February 6 every year is regarded as Safer Internet Day. SID is a day to promote safer and more responsible use of online technology and mobile phones.
On this Safer Internet Day 2024, Christopher Budd, director, threat research, Sophos X-Ops, offers us some valuable tips on how individuals and businesses can protect themselves on the internet—notably the importance of strong passwords to prevent credential theft, which is used to break into corporate networks and escalate privileges to steal data and eventually launch attacks such as ransomware.
Why is Safer Internet Day is Important?
Christopher Budd responds:
“While we all hate passwords and know they’re a pain, they remain important. Even today we see major companies compromised because of bad password management by them or their people. Using unique passwords for every site (or at least every important site) is still one of the best things you can do to keep yourself secure. In addition to using unique passwords, using a multifactor authentication app is a key step in securing critical accounts.”

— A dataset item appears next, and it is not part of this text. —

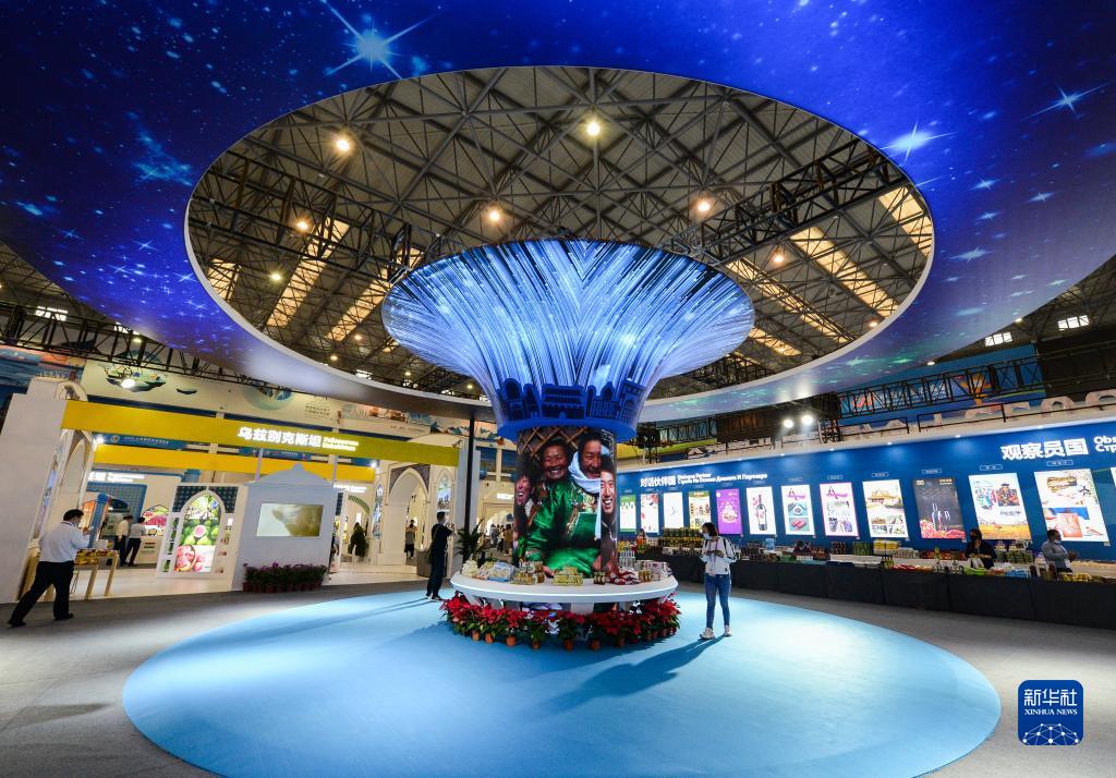 9月15日,參觀者在農業科技與糧食安全國際交流合作展館了解特色商品。

The Sophos X-Ops’ Active Adversary Report found that in 2023, for the first time, compromised credentials were the number one root cause of attacks that lead to data theft and ransomware attacks, with over half (56%) of the attacks analyzed linked to a name/password sign-information that wound up in unfriendly hands. That’s a 26% jump from 2022 to 2023.
“It’s also important to remember the power of ‘no.’ The best way to protect your data and information is to not give it away in the first place. Just because a site asks you for your birthday, for instance, doesn’t mean they need it, or they’re entitled to it. If a site or service doesn’t have your information, they can’t lose it or accidently disclose it.
If you do just those two things, you’ll be a long way towards keeping yourself safer online,” added Budd.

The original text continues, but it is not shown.